• _WHAT IS EXPECTED_
I would like the line with "Tuli-teema näkyi onnistuneesti" and every line after it, down to the end of the entries below, output exactly and without pictures.

• _INPUT DATA_

-- -- --

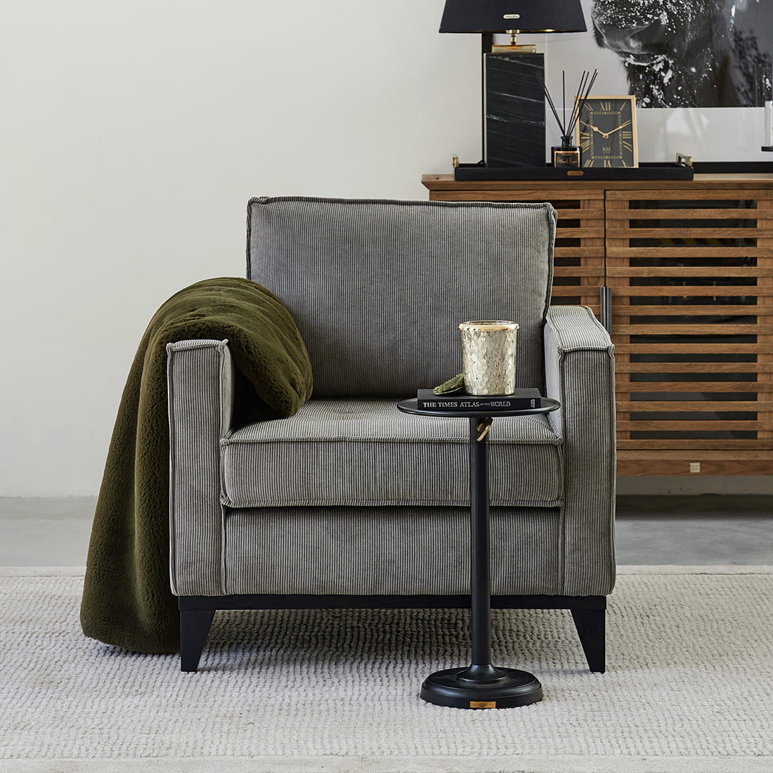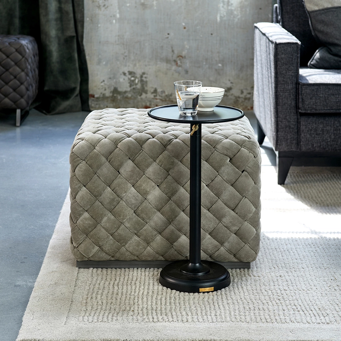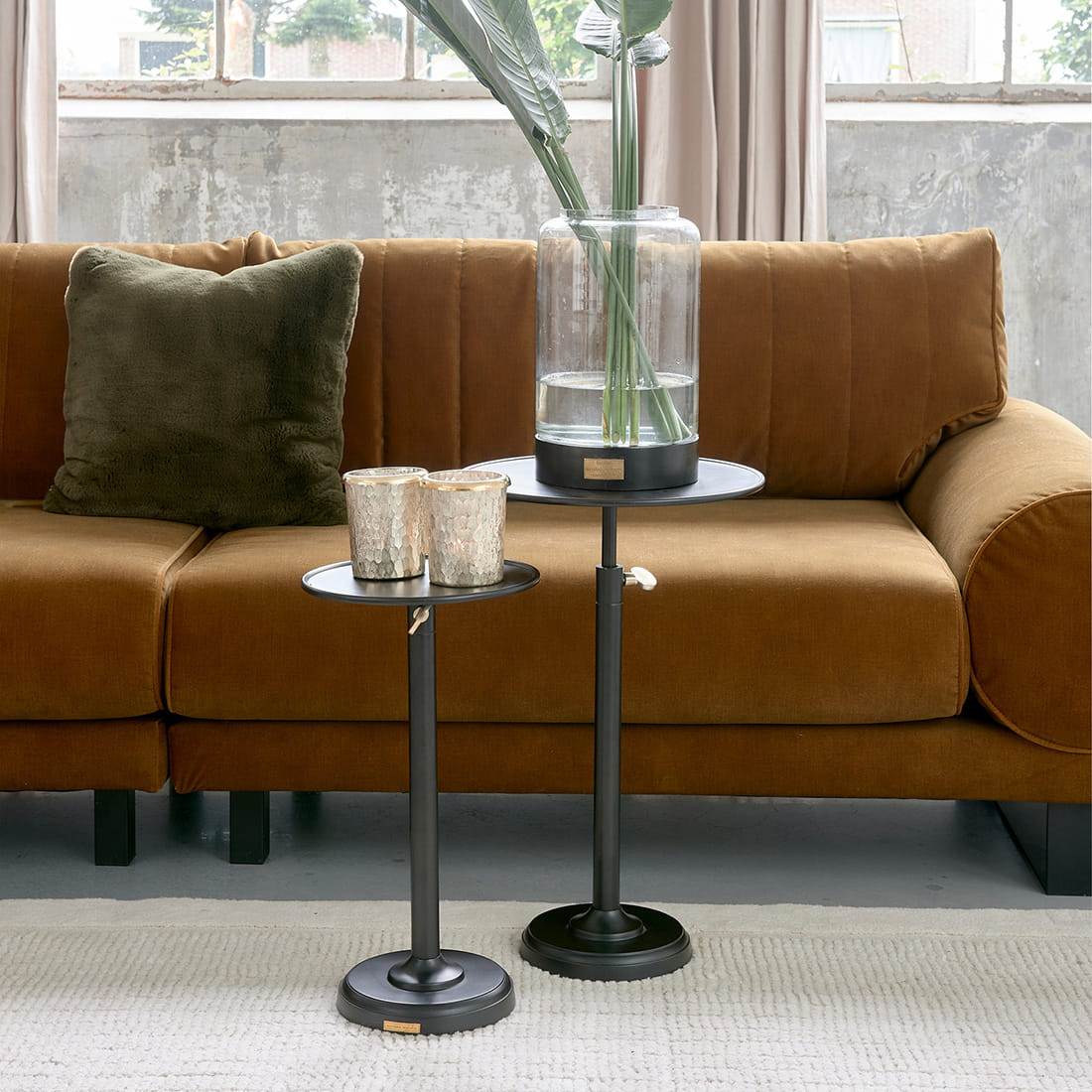 Stolik Venice został wykonany z wysokiej jakości aluminium, co czyni go wyjątkowo trwałym, a jednocześnie lekkim i łatwym do przestawiania. Czarna, matowa powłoka nadaje mu elegancji i subtelnej nowoczesności. Okrągły blat wsparty jest na regulowanej nodze z dekoracyjnym pokrętłem w kolorze mosiądzu, co dodaje charakteru i industrialnego uroku. Solidna podstawa zapewnia stabilność, niezależnie od miejsca, w którym zdecydujesz się go ustawić.
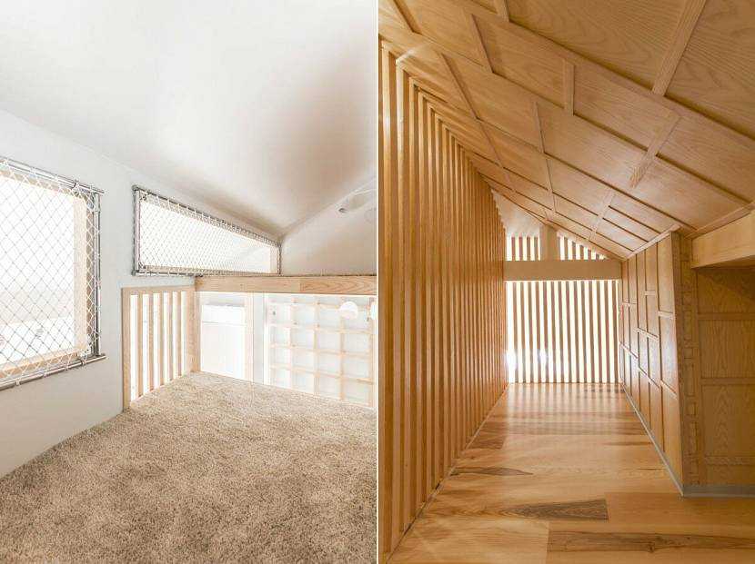 Потолок на мансарде будет смотреться оригинально, если положить рейки под углом, скомбинировать разнонаправленные зоны, создать переливы света и тени.
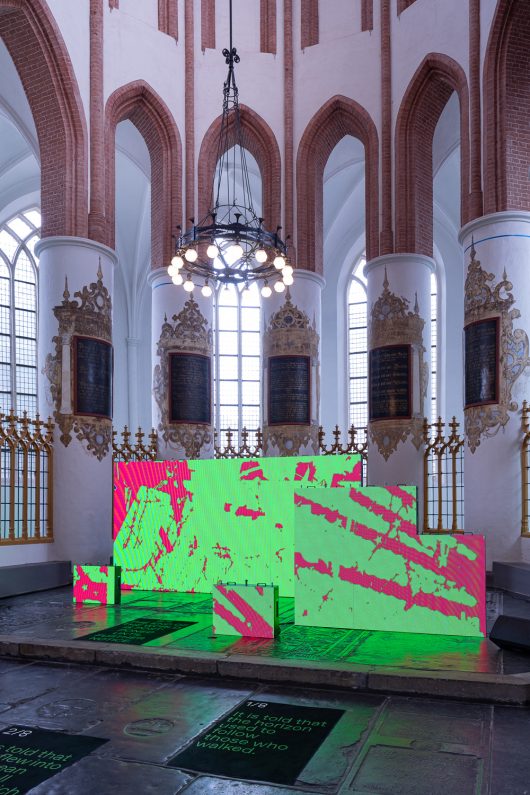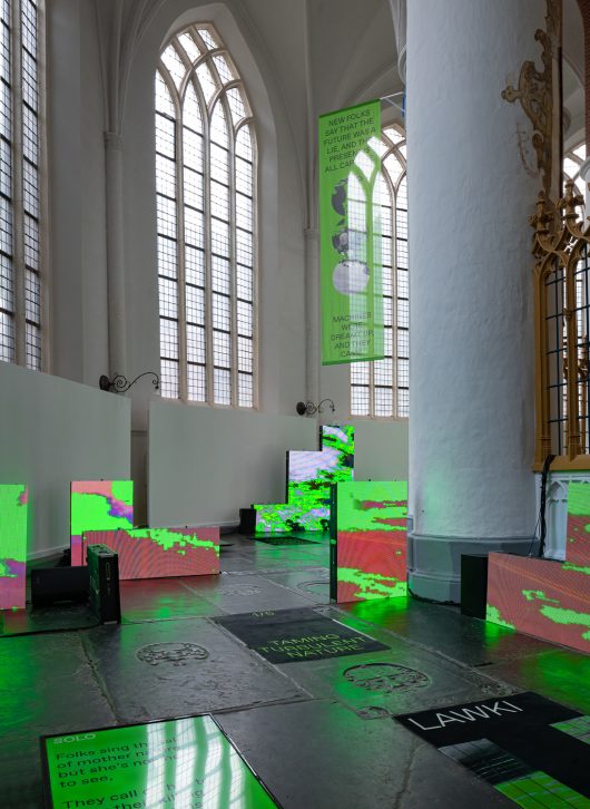 In this spatial installation by ARK, a network of unsupervised algorithms curate countless online videos into new narratives. Through this compositional gesture, today’s story is broadcast in sound and vision, in which reality merges with the techno-imaginative. ‘LAWKI–NOW’ in the Achurch in Groningen is a life-size installation in five parts in which the visitor can wander. The work raises questions: Does artificial intelligence work for or against us? Is the truth of the internet taking over our reality? Are we still in control of our imagination?
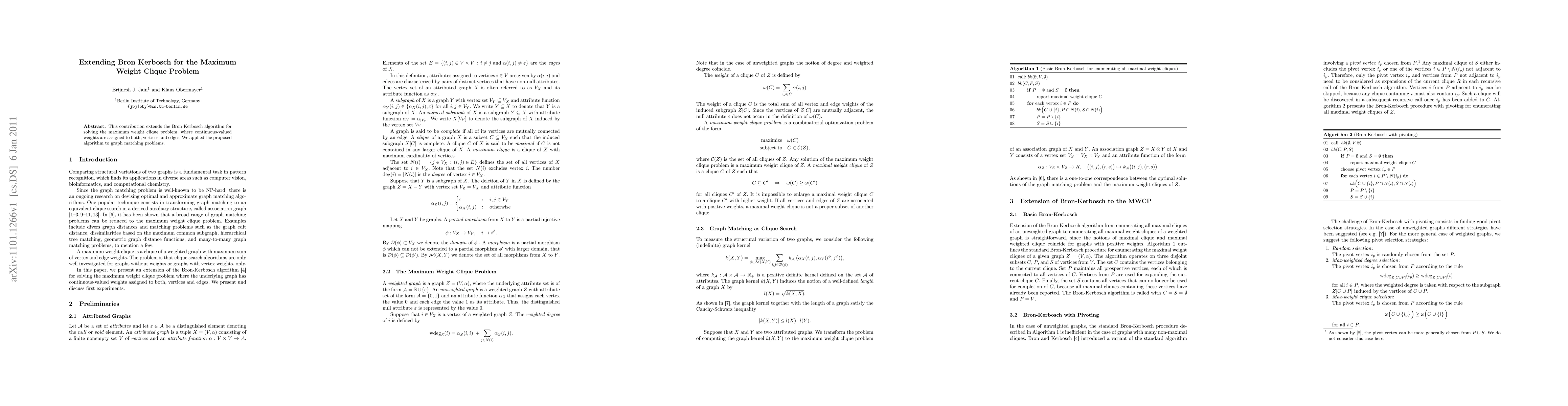 This paper extends the Bron Kerbosch algorithm to solve the maximum weight clique problem with continuous-valued weights on both vertices and edges, and demonstrates its application in graph matching problems.
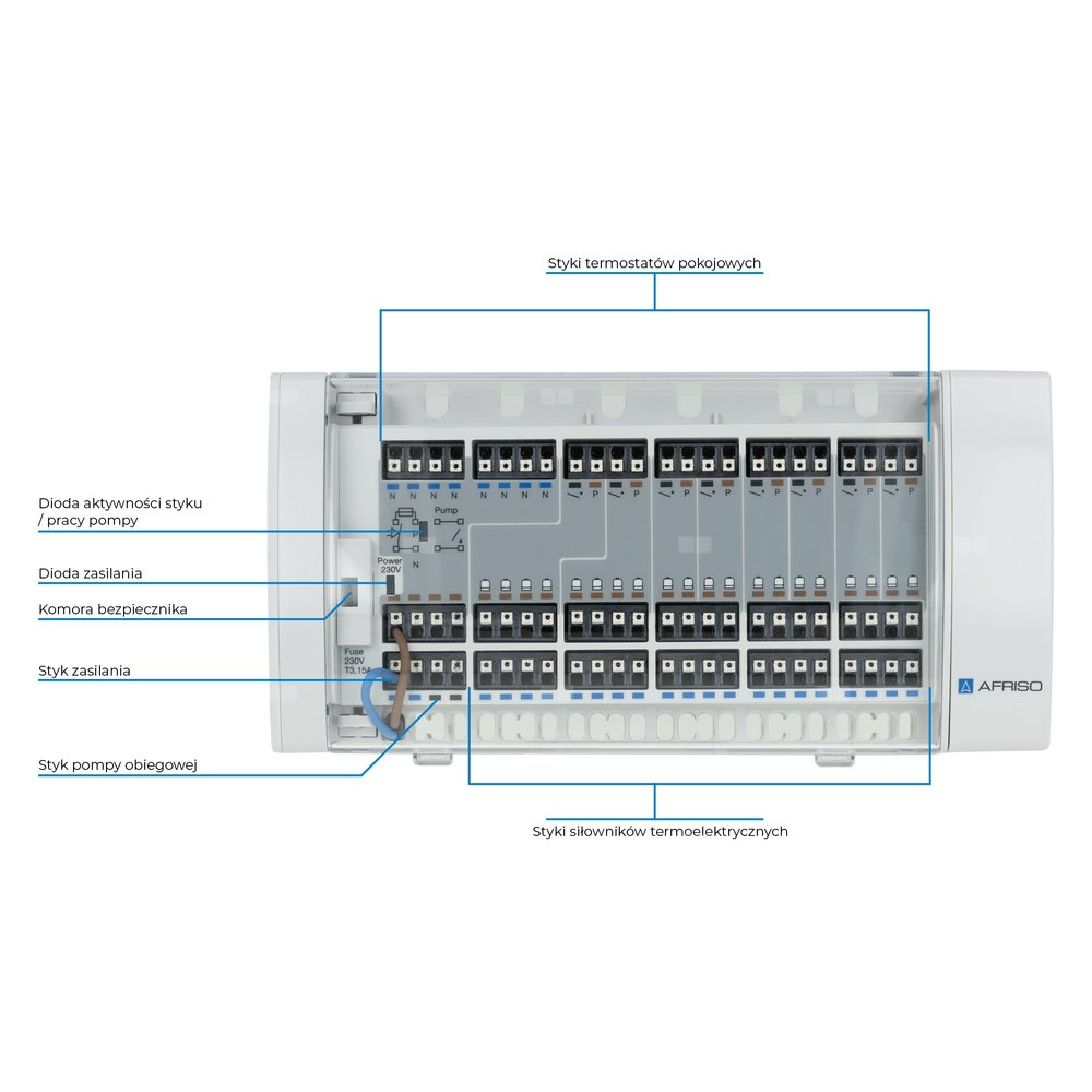 Obsługuje do 20 siłowników termoelektrycznych (2 strefy po 4 siłowniki, 6 stref po 2 siłowniki).
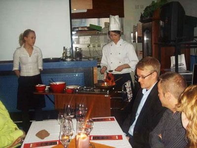 Tuli-teema näkyi onnistuneesti kattauksessa, menussa sekä jälkiruuan liekityksessä.
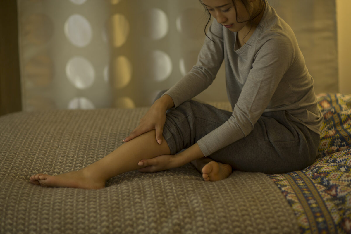 入浴後にタオルで体を拭いたらすぐ、マッサージオイルやホホバオイル、ボディクリームなどで足腰を保湿して乾燥から腎陰を守りましょう。保湿剤を手にとったら、へその真裏にある「命門(めいもん)」のツボ周辺に円を描くようにやさしく塗り広げ、その後下半身へと軽く流します。その後、足全体にもやさしくなでるように保湿剤を塗ってください。特にふくらはぎの内側部分は腎につながるエリアなので、忘れずに保湿を。
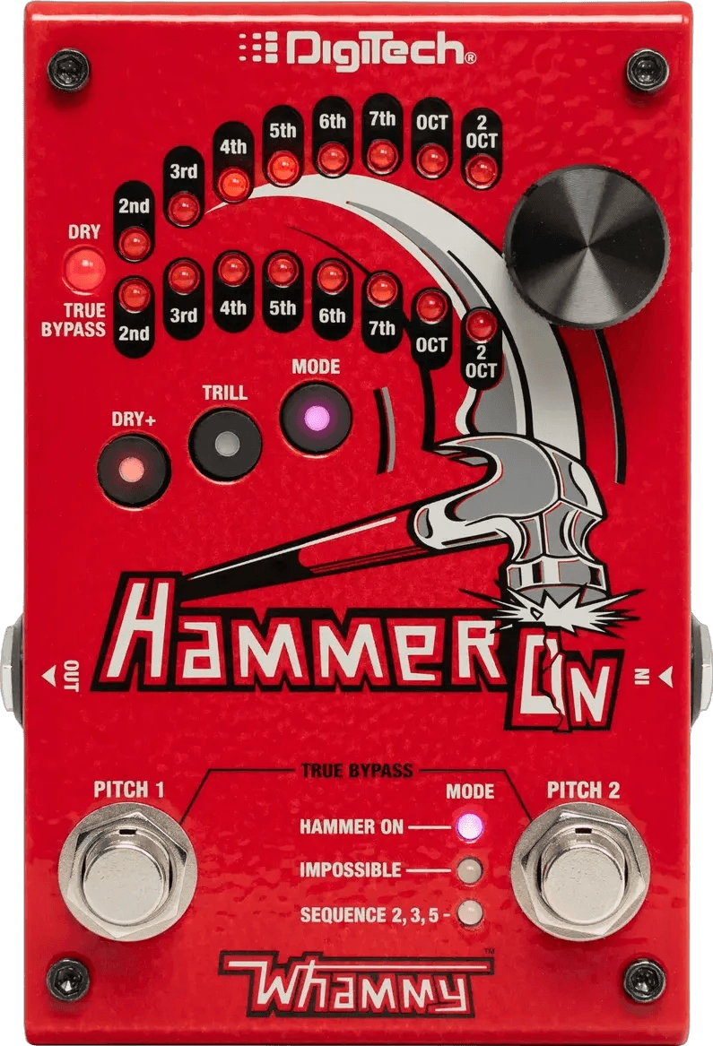 The DigiTech HammerOn is a hands-free effects pedal designed for generating hammer-on notes and expanding performance options for musicians. This DigiTech effects pedal allows users to trigger hammer-on articulations via foot control, enabling complex licks and riffs without requiring traditional hand techniques. It features a straightforward stompbox design suitable for both standard and bass instruments, offering seamless integration into an existing pedalboard setup.
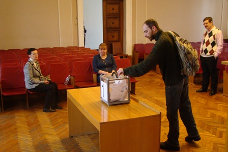 Колектив співробітників шляхом таємного голосування виявив одностайне бажання бачити Сергія Васильовича Комісаренка знову директором свого інституту і побажав йому подальших успіхів.

-- -- --

• _RESULT FOR THIS EXERCISE_
 Tuli-teema näkyi onnistuneesti kattauksessa, menussa sekä jälkiruuan liekityksessä.
 入浴後にタオルで体を拭いたらすぐ、マッサージオイルやホホバオイル、ボディクリームなどで足腰を保湿して乾燥から腎陰を守りましょう。保湿剤を手にとったら、へその真裏にある「命門(めいもん)」のツボ周辺に円を描くようにやさしく塗り広げ、その後下半身へと軽く流します。その後、足全体にもやさしくなでるように保湿剤を塗ってください。特にふくらはぎの内側部分は腎につながるエリアなので、忘れずに保湿を。
 The DigiTech HammerOn is a hands-free effects pedal designed for generating hammer-on notes and expanding performance options for musicians. This DigiTech effects pedal allows users to trigger hammer-on articulations via foot control, enabling complex licks and riffs without requiring traditional hand techniques. It features a straightforward stompbox design suitable for both standard and bass instruments, offering seamless integration into an existing pedalboard setup.
 Колектив співробітників шляхом таємного голосування виявив одностайне бажання бачити Сергія Васильовича Комісаренка знову директором свого інституту і побажав йому подальших успіхів.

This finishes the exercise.